In the pic the text is slightly cut off, looks like i zoomed a few pixels by accident. Still, a touch of padding would improve it imo :)

Most of them would have benefited from a few lines of CSS that wouldn't have pushed them over 10KB!
I thought, for sure, I was squarely in this club with my MD files hosted on GitHub. Then, I looked at point #1. 25kB transferred. Wut?

It looks like GitHub includes normalize.css, which is 12kB all by itself. Damn it.

Next I looked at the css framework I built and use for all my sites. I know it's only about 2.5k, but I have a screenshot. 114kB transferred. Damn it.

I'm not in this club even though I try to be tiny.

What if you just link to the raw files? Wouldnt look like nice HTML but could be insanely smaller.
> It looks like GitHub includes normalize.css

What?

> I know it's only about 2.5k, but I have a screenshot. 114kB transferred.

What?

Okay, let me explain…

I publish only markdown files to GitHub starting with index.md. Behind the scenes GitHub does some Jekyll stuff that I don’t think much about. Whatever they use as a default theme includes a normalize.css file.

On the second point, I maintain a little css project I use for a lot of my other projects. It’s called Neat and it’s at https://neat.joeldare.com. It is only 2.5k of css, if you download and use it, but I have a screenshot in the demo page, which balloons it.

I aspire to have my site on this list one day. But according to their rules, it would need to get 100 upvotes on Hacker News, and that's not realistic.

  5. ... some content from the website must have received at least 100 points on Reddit or Hacker News on at least one occasion ...
I found the instructions on how to measure the total download associated with a page useful.

Agreed: my home page is clocking in at around 2Kb or less but probably not of any interest to anyone outside of my very narrow silo.
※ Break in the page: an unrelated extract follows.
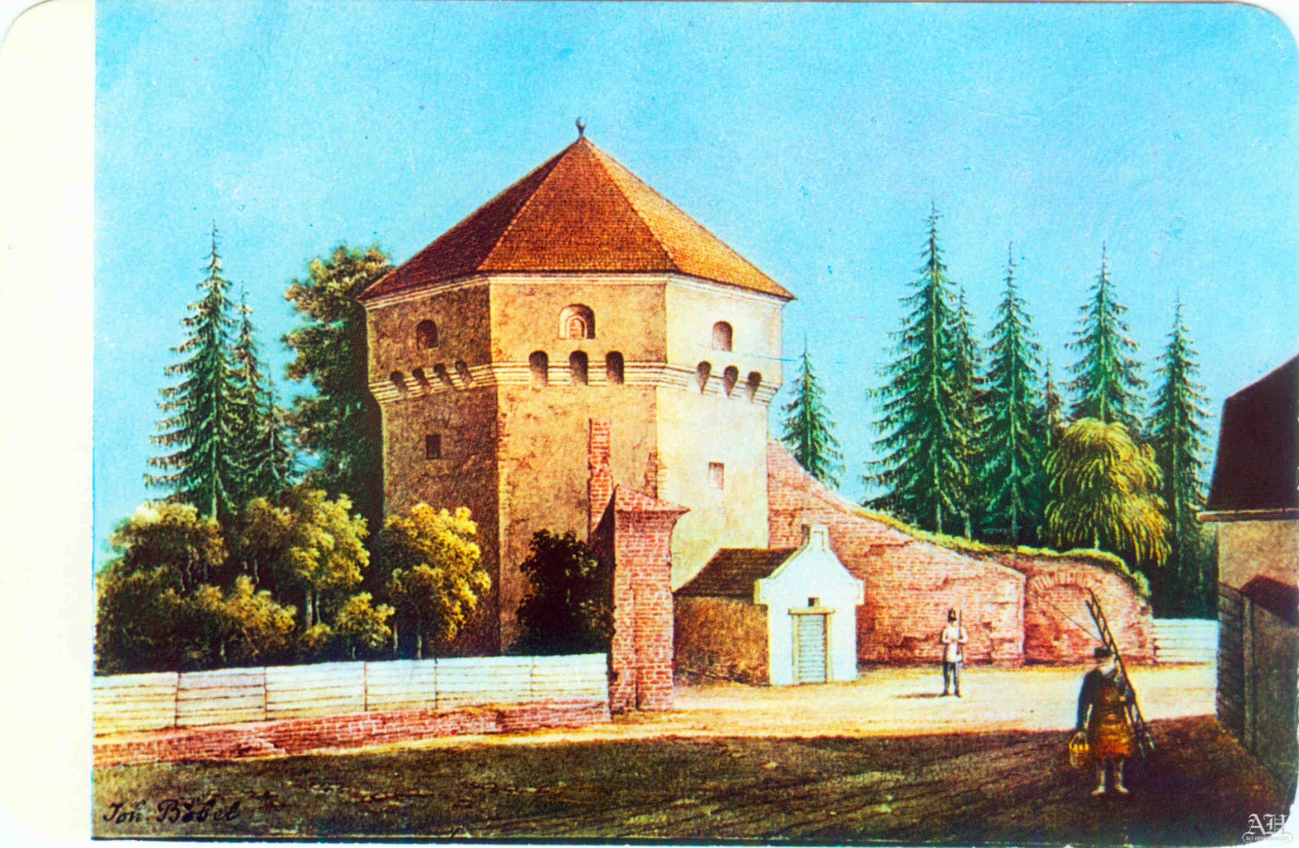 „Turn de apărare lângă Poarta Cisnădiei” – turnul se afla în zona Parcul Astra, în față clădirii str. Ioan Lupaș nr.4. (sursa ilustrație: „Alt-Hermannstadt“)

That website currently weighs 9.50 kB. Hence, it cannot add too many more sites (without removing some other bits) before hitting its own arbitrary size limit.
Not as bad as the website listing websites that do not list themselves.
Couldn't they just add paging?
Also, they could move either the list or the description to a second page
None of those websites are worth visiting. Guess you need more than 10KB to display any value.
But all of them need to have at least one article with 100 upvotes on Hacker News or Reddit, so it's probable at least some of them are worth visiting.

PS I am biased because mine is on there.

What’s the difference between a list and a curated list?
My assumption is that the list was automatically generated and contained many pages that met the aize criteria but were error messages, place holders, or other uninteresting things like a curse word repeating down the page, or worse, tiny POCs for CVEs
It seems like every dev I know has the idea of making a minimalist website. I guess I would much rather see a curated list of beautiful (in some unique way) websites than another 1000 minimalist websites.
To me, search.marginalia.nu returns the best kind of website: hardware-resource-light and information-dense.
My website, http://invece.org, is 5k not compressed. Assuming the linked images don't count.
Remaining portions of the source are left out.